James McArthur, PhD, President and CEO, highlighted the company’s progress, particularly in their lead clinical programs. The addition of Paul Streck as Head of Research and Clinical Development has been pivotal. Streck has been influential in the development strategy for both myotonic dystrophy type 1 (DM1) and Duchenne muscular dystrophy (DMD). Streck informed that the FREEDOM-DM1 study's 10 mg/kg cohort is fully enrolled, showing promising results in both 5 mg/kg and 10 mg/kg groups. Comprehensive updates for these cohorts are expected by the end of Q1 2025, with further data anticipated throughout 2025 for both DM1 and DMD programs.
McArthur continued, stating that the positive results from the 5 mg/kg cohort of the CONNECT1-EDO51 study for DMD have allowed for optimization of both CONNECT1 and CONNECT2-EDO51 study designs. With protocol enhancements, data from the expanded 10 mg/kg cohort of CONNECT1 are expected by the end of 2025. PepGen's commitment to advancing treatments for severe neuromuscular and neurological diseases remains strong.
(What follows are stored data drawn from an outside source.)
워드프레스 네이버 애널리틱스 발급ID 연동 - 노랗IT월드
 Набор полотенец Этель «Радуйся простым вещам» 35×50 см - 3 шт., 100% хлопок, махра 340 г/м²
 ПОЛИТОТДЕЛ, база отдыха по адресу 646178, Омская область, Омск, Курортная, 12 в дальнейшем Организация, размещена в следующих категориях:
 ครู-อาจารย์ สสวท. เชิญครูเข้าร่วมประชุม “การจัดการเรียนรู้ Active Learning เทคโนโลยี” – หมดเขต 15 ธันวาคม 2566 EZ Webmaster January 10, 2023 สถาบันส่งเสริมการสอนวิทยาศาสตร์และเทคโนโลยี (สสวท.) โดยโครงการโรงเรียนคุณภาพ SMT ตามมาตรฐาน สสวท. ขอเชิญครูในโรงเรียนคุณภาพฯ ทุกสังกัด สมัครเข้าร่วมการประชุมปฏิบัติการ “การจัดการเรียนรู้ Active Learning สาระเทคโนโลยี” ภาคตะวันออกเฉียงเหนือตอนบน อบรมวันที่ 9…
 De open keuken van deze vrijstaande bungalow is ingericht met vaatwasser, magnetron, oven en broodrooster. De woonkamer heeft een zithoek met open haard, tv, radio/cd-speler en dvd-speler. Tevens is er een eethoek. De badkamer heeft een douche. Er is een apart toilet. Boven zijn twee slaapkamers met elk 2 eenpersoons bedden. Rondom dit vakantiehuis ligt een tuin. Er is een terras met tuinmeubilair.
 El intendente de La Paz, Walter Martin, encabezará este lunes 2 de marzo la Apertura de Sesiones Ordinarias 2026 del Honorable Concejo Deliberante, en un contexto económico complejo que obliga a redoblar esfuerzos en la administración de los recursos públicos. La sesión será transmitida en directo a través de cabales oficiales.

In terms of program updates, the PGN-EDODM1 for Myotonic Dystrophy Type 1 continues with the Phase 1 FREEDOM-DM1 Clinical Trial. This study evaluates PGN-EDODM1 in around 32 adults with DM1 across the United States, Canada, and the United Kingdom. Results from the 15 mg/kg cohort are anticipated in the latter half of 2025. The Phase 2 FREEDOM2-DM1 Clinical Trial is set to start dosing by year-end, involving approximately 24 adult patients in Canada, the UK, and potentially the U.S., pending regulatory approval.
For the PGN-EDO51 aimed at treating Duchenne Muscular Dystrophy, the Phase 2 CONNECT1-EDO51 Clinical Trial is progressing with encouraging data from the 5 mg/kg cohort. The study protocol has been amended to improve outcomes, and the 10 mg/kg cohort has been expanded. Results from this cohort are expected by year-end 2025. The Phase 2 CONNECT2-EDO51 Clinical Trial is also being optimized, leveraging the safety profile data from CONNECT1. This trial is open in the UK, with plans to expand to the U.S. and other regions, subject to regulatory clearance.
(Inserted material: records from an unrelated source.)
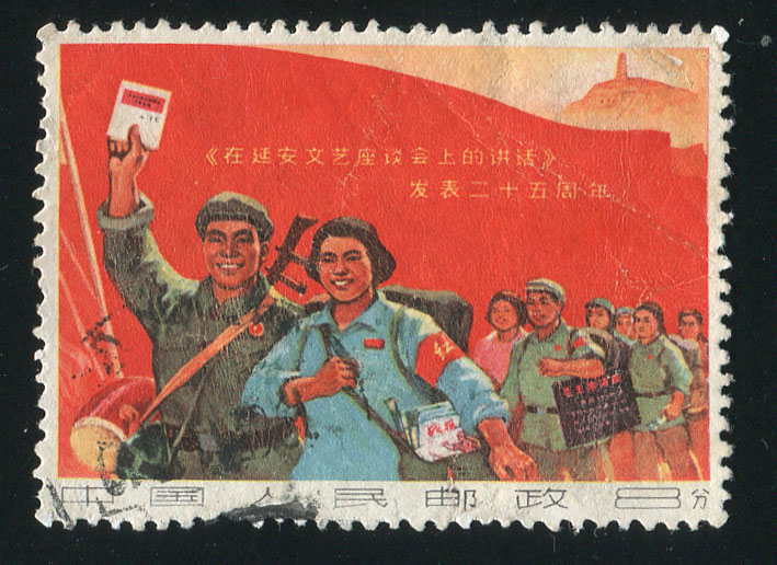BFW089 文3 《在延安文艺座谈会上的讲话》发表25周年“8分宣传队”单枚信销票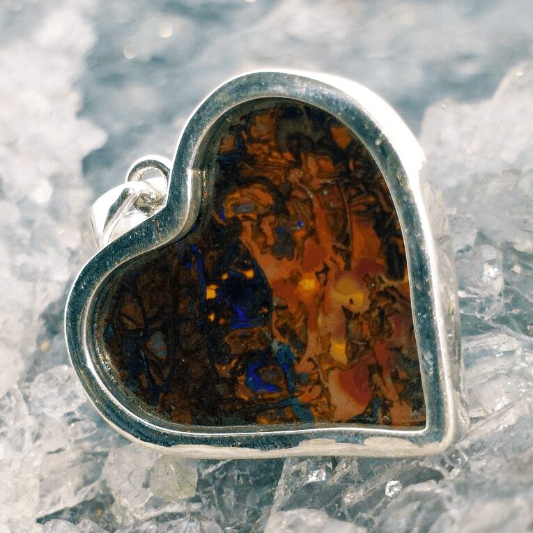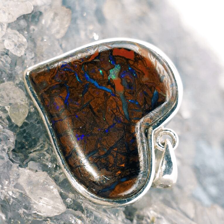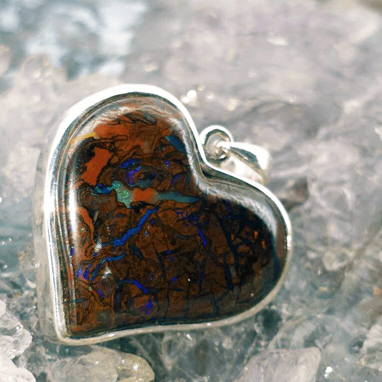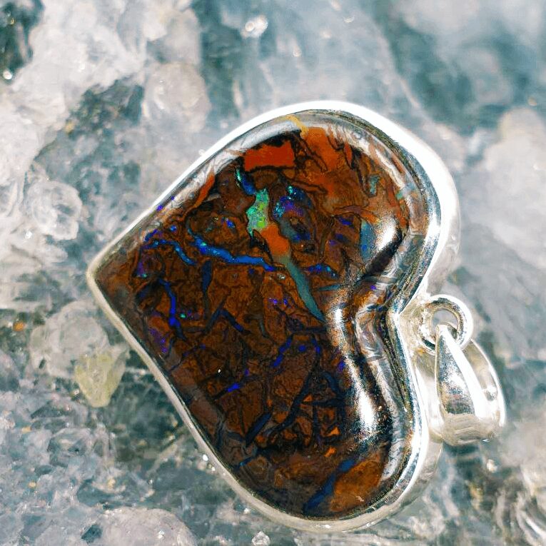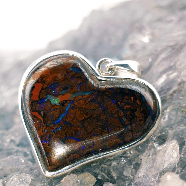 From the heart of Queensland’s ancient earth, this pendant carries the soul of the boulder opal. Shaped into a graceful heart, it holds within its polished surface shifting hues of blue, green, and purple, each flicker of light a testament to transformation and timeless beauty. Measuring approximately 30.5 x 24.3 x 6.2 mm with a medium dome, the stone is set in solid S925 sterling silver, offering both strength and elegance. With B2 brightness, its colours radiate a quiet, deep fire—an intimate connection between earth’s grounding force and the bearer’s inner light.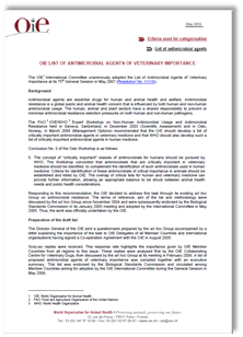 L’Office International des Épizooties (OIE), l’organisation mondiale pour la santé animale, a également classé les antibiotiques vétérinaires afin de garantir leur efficacité et leur disponibilité lorsqu’aucune alternative antibactérienne n’est disponible, ou seulement de manière limitée. Ce classement doit aussi guider les vétérinaires dans leur choix thérapeutique.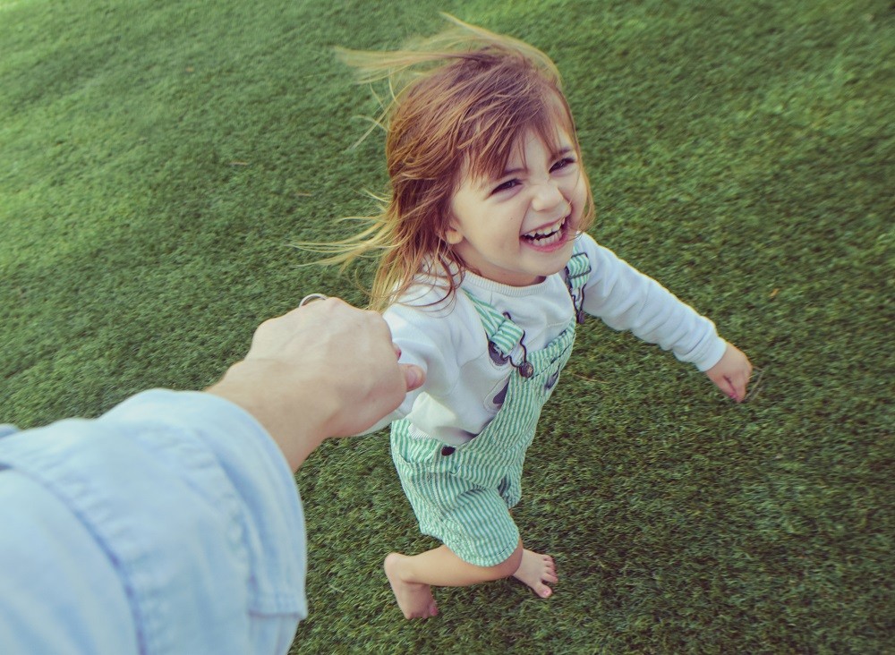 Silly little girl holding a parents hand barefoot in the grass, laughing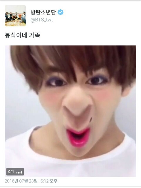 어제 태형이가 짹에 올린 봉식이네 가족ㅋㅋㅋㅋㅋㅋㅋㅋ 하루종일 이 영상이 머릿속에서 맴돌아... 우울할 때 아니 하루에 한 번 이상은 보자..★

On the corporate front, PepGen appointed Paul Streck as Executive Vice President and Head of R&D in August, bringing over two decades of experience in drug development and regulatory affairs. The company also showcased its scientific and clinical data at various medical conferences, including the World Muscle Society's Annual Congress.
Financially, PepGen reported $138.9 million in cash, cash equivalents, and marketable securities as of September 30, 2024. This is expected to support planned operations into 2026. Research and Development expenses for the quarter were $17.7 million, a decrease from $20.5 million in the same quarter of 2023. General and Administrative expenses increased to $5.4 million from $4.2 million in the previous year. The net loss for the quarter stood at $21.4 million, down from $23.3 million in the same period last year. As of September 30, 2024, PepGen had approximately 32.6 million shares outstanding.
PGN-EDODM1, PepGen’s investigational therapy for DM1, employs the company's Enhanced Delivery Oligonucleotide (EDO) technology to correct RNA splicing function. DM1 affects approximately 40,000 individuals in the U.S. and over 74,000 in Europe. PGN-EDODM1 has received Orphan Drug and Fast Track Designations from the U.S. FDA.
PGN-EDO51, aimed at DMD treatment, uses EDO technology to deliver a therapeutic phosphorodiamidate morpholino oligomer (PMO) targeting the disease's root cause. It aims to skip exon 51 of the dystrophin transcript, beneficial for about 13% of DMD patients. PGN-EDO51 has been granted Orphan Drug and Rare Pediatric Disease Designations by the U.S. FDA.
PepGen is dedicated to advancing oligonucleotide therapies, leveraging over a decade of research and development to enhance the treatment of severe diseases.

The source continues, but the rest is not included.